- Directed by: Alexandra Pechman
- Written by: Alexandra Pechman
- Produced by: Anne Alexander; Tess Cohen; Alexandra Pechman;
- Starring: Lily McInerny; Joshuah Melnick; Lukita Maxwell; AnnaSophia Robb; Daniel Zolghadri; Ruby Cruz; Jake Lacy; Iris Apatow; Delaney Rowe; Alex Edelman; Sasha Bhasin;
- Cinematography: Alex Ashe
- Edited by: Blair McClendon
- Music by: Zach Robinson
- Production companies: Cousins; Project Infinity;
- Release date: September 11, 2026 (TIFF);
- Running time: 105 minutes
- Country: United States
- Language: English

= Magazine (film) =

2026 American drama film

Magazine is a 2026 American drama film written and directed by Alexandra Pechman in her directorial debut. It stars Lily McInerny, Joshuah Melnick, Lukita Maxwell, AnnaSophia Robb, Daniel Zolghadri, Ruby Cruz, Jake Lacy, Iris Apatow, Delaney Rowe, Alex Edelman and Sasha Bhasin.
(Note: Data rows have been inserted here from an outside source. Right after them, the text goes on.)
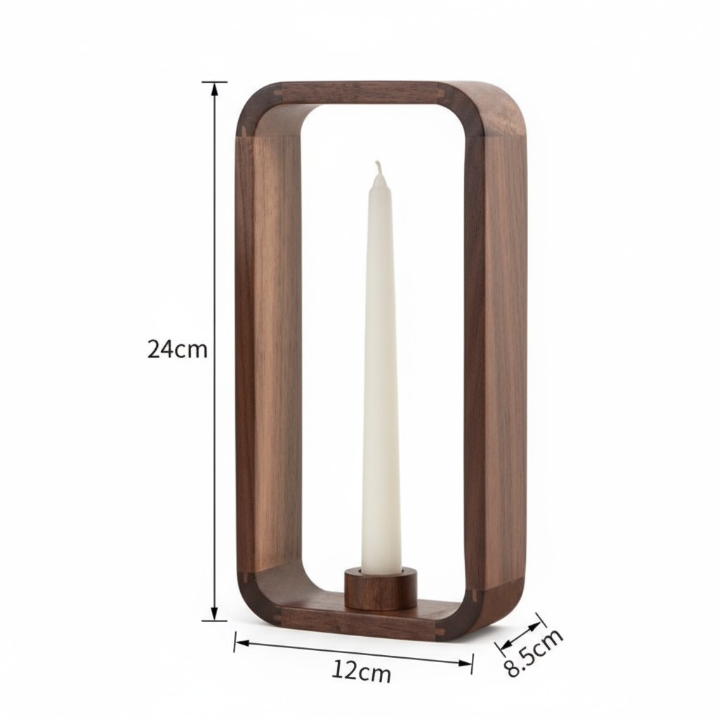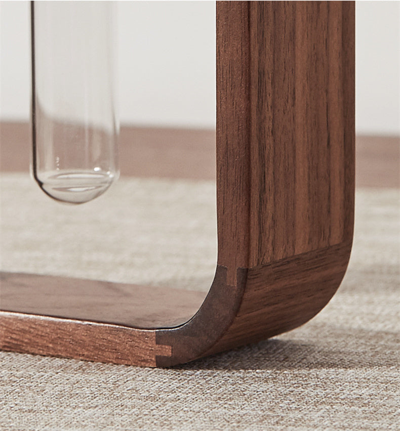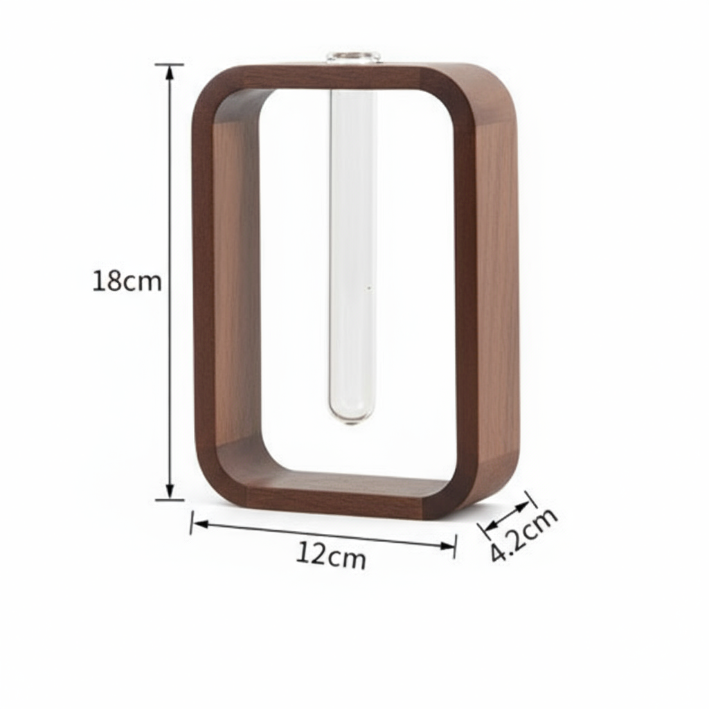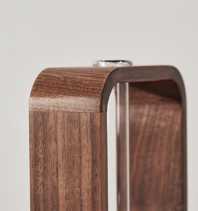 De Zenframe combineert natuurlijke materialen met tijdloze elegantie. Het massief zwarte walnotenhout vormt een warm, natuurlijk contrast met de strakke borosilicaatglazen buis, die eenvoudig te verwijderen en te reinigen is.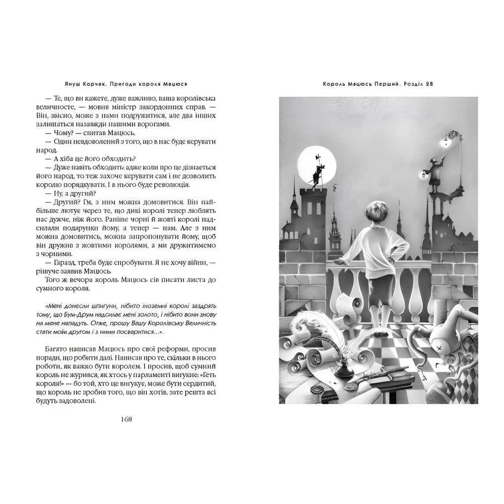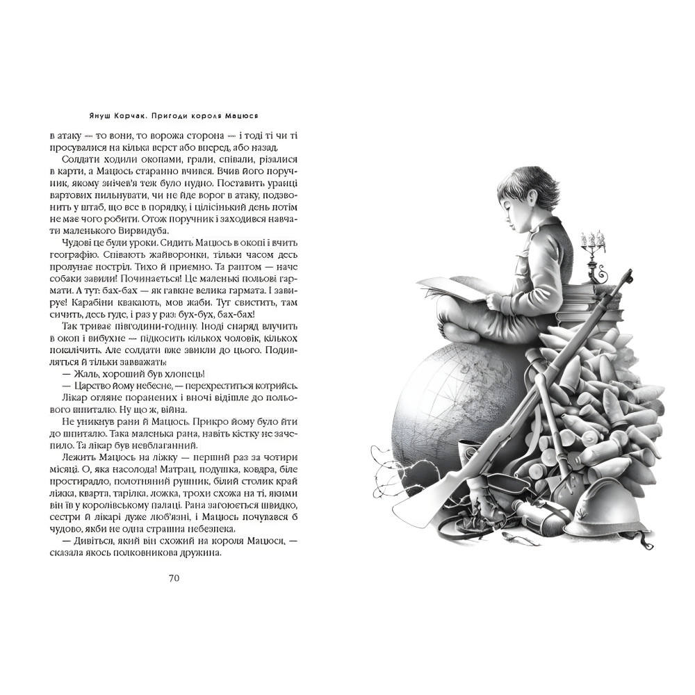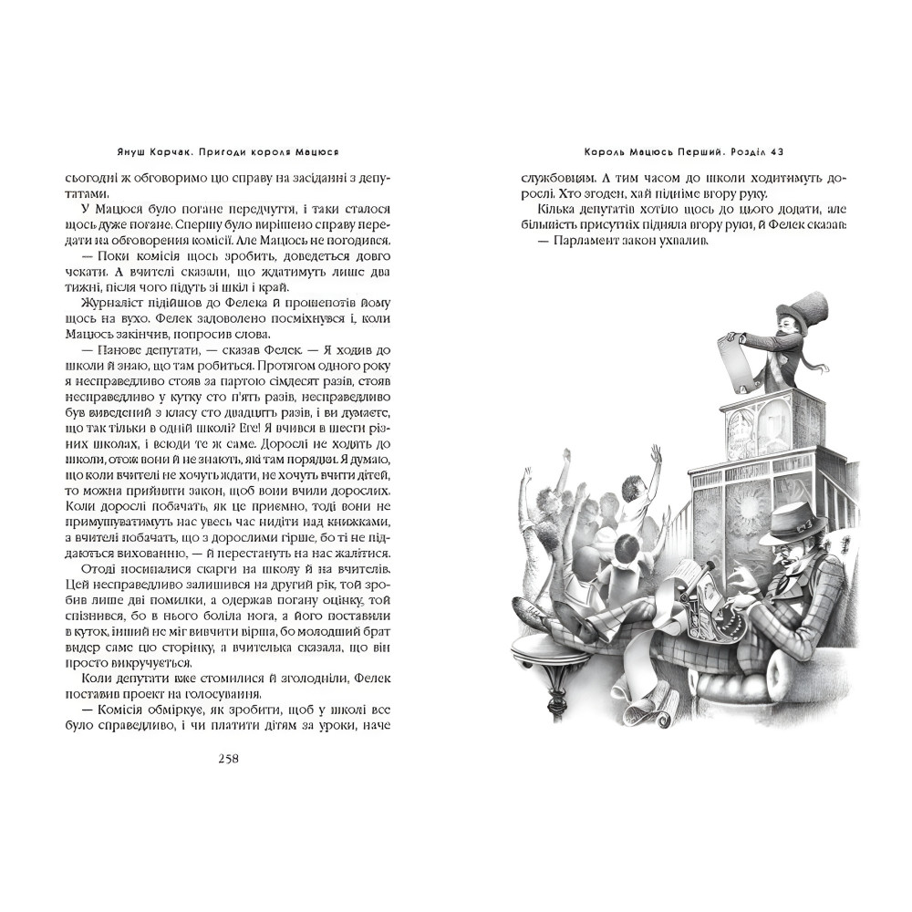 Незвичайні і дивовижні пригоди малолітнього короля Мацюся. Малий Мацюсь ще не вмів ні читати, ні писати, коли після смерті батька йому довелося сісти на трон. Якби не Фелек, простий кмітливий хлопець, Мацюсь так ніколи й не довідався б, що багато дітей його королівства живуть дуже бідно. Щоб поліпшити їхнє життя, Мацюсь створив дитячий парламент. Король-реформатор Мацюсь вирішив припинити всі війни, і це, звісно, не сподобалося іншим королям... Повість «Пригоди короля Мацюся» — один із найважливіших творів світової літератури ХХ століття. Трагічна смерть самого Януша Корчака стала символом найвищої відданості ідеалам людяності й гідності: разом з вихованцями свого сирітського притулку він пішов у фашистську газові камеру, відмовившись від особистої можливості уникнути смерті.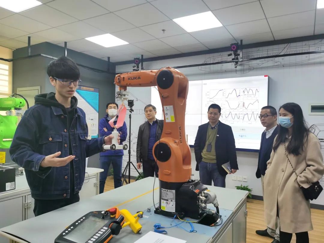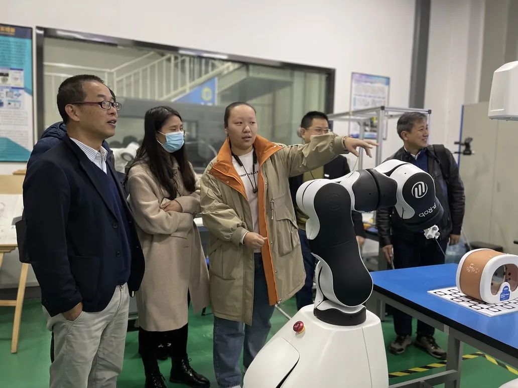 在上海大学智能制造及机器人重点实验室,调研组参观了智能数控装备与工艺、精密测量、智能装备设计与仿真技术、智能服务机器人控制等多个实验室,并与小型足式仿生机器人系统、智能画像机器人、智能介入手术穿刺机器人、柔性机械手臂等研究团队开展技术交流。

It had its world premiere in the Discovery section of the 2026 Toronto International Film Festival on September 11, 2026.

==Premise==
A young poet begins an internship at an acclaimed literary journal.

==Cast==
- Lily McInerny as Nora
- Joshuah Melnick as Thomas
- Lukita Maxwell as Tabitha
- AnnaSophia Robb
- Daniel Zolghadri as Leonard
- Ruby Cruz as Greer
- Jake Lacy as Mickey
- Iris Apatow as Daphne
- Delaney Rowe
- Alex Edelman
- Sasha Bhasin as Tess

==Release==
It had its world premiere in the Discovery section of the 2026 Toronto International Film Festival on September 11, 2026.